== DATA TO PROCESS ==
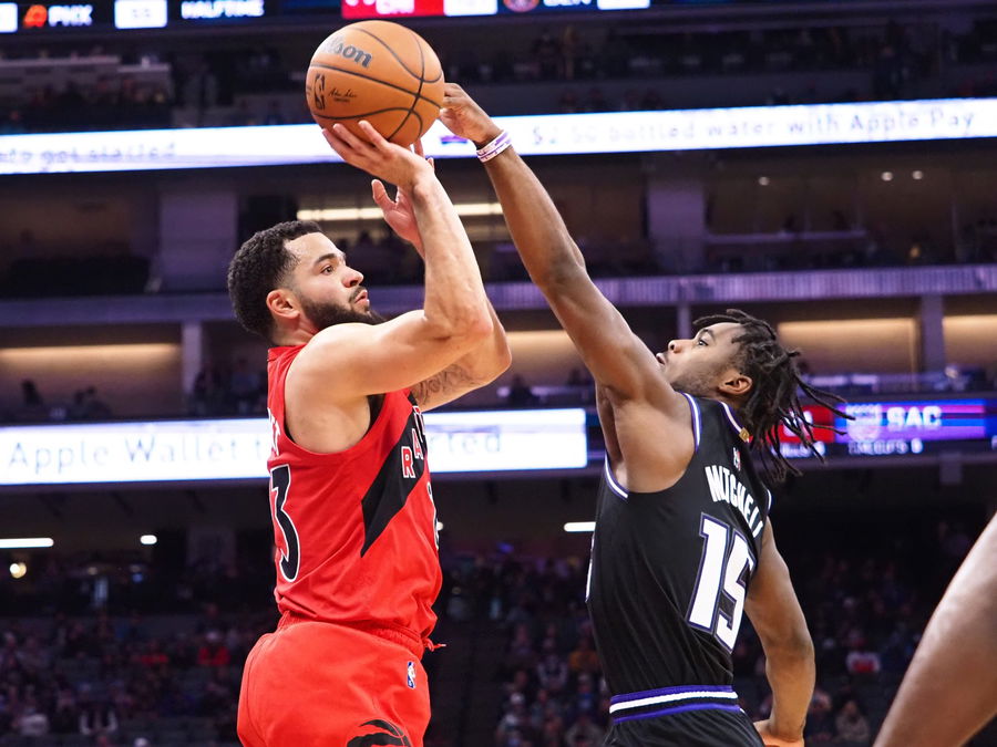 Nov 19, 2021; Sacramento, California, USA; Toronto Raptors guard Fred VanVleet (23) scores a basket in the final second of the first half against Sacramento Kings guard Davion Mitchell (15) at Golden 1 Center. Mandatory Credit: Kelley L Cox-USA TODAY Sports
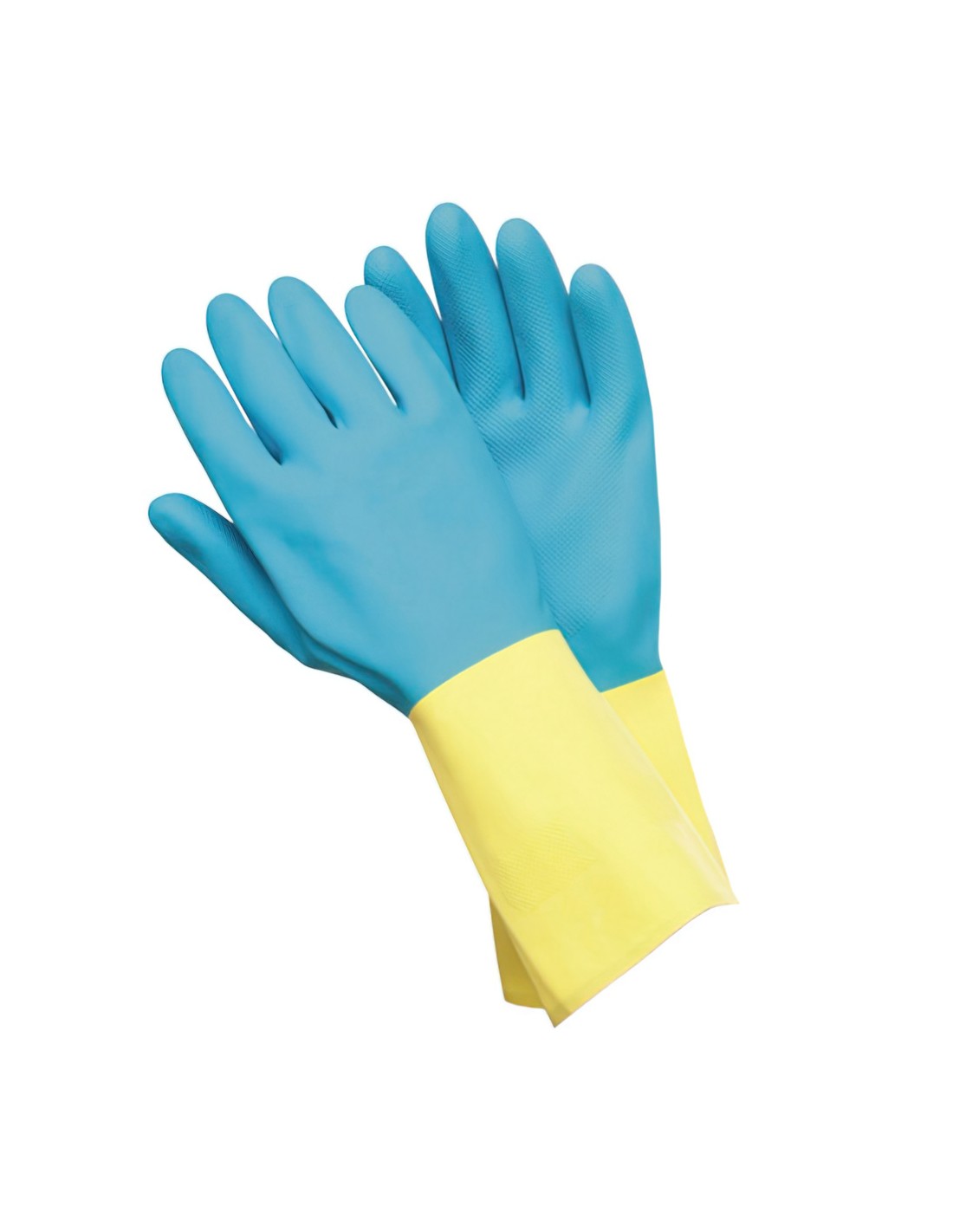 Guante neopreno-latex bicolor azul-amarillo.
===
== DATA TO PROCESS ==
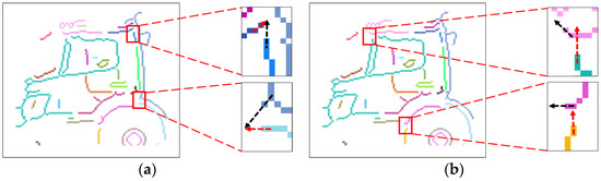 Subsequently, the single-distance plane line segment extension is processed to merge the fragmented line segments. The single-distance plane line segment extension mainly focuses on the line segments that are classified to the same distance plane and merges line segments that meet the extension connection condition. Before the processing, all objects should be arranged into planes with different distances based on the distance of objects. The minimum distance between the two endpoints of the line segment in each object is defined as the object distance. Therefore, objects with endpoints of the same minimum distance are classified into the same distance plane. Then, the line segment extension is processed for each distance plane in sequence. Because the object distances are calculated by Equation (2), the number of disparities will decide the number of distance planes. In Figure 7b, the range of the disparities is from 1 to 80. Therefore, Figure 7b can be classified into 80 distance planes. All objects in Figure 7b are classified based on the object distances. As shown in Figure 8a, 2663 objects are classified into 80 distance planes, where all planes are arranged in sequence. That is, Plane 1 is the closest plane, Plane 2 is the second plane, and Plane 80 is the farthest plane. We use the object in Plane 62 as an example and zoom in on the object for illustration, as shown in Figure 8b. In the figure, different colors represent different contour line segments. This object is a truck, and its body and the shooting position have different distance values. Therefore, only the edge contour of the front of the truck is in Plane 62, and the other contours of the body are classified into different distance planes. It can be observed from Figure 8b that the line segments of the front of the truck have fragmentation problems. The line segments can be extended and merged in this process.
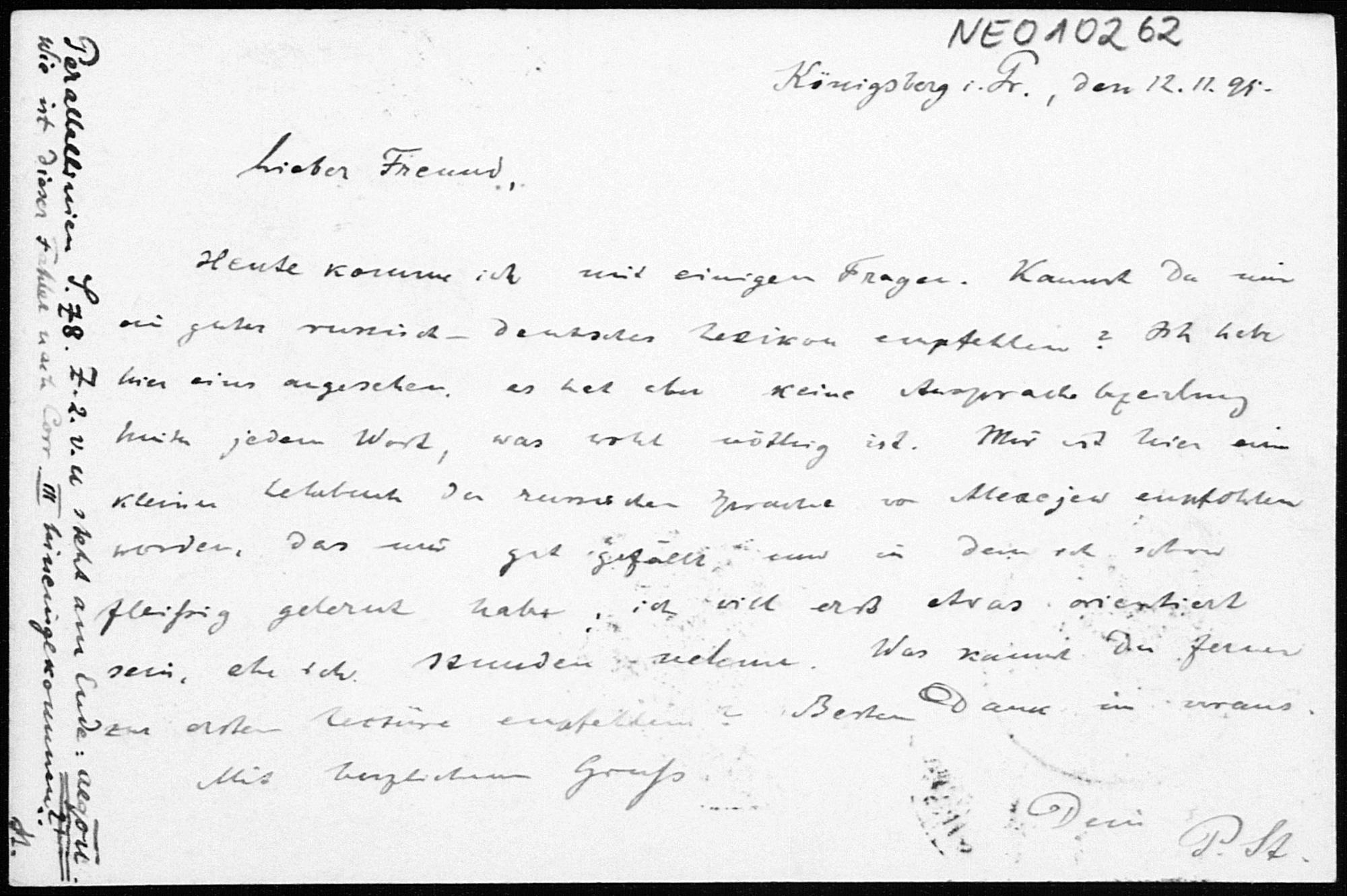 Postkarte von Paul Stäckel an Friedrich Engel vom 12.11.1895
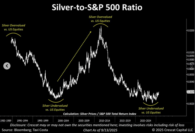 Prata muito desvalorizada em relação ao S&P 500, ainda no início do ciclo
===
EXERCISE INSTRUCTIONS
Nothing but the lines from the one containing "Nov 19, 2021;" through the one containing "Guante neopreno-latex bicolor azul-amarillo." should appear, copied exactly from the material above and without pictures.

RESPONSE
 Nov 19, 2021; Sacramento, California, USA; Toronto Raptors guard Fred VanVleet (23) scores a basket in the final second of the first half against Sacramento Kings guard Davion Mitchell (15) at Golden 1 Center. Mandatory Credit: Kelley L Cox-USA TODAY Sports
 Guante neopreno-latex bicolor azul-amarillo.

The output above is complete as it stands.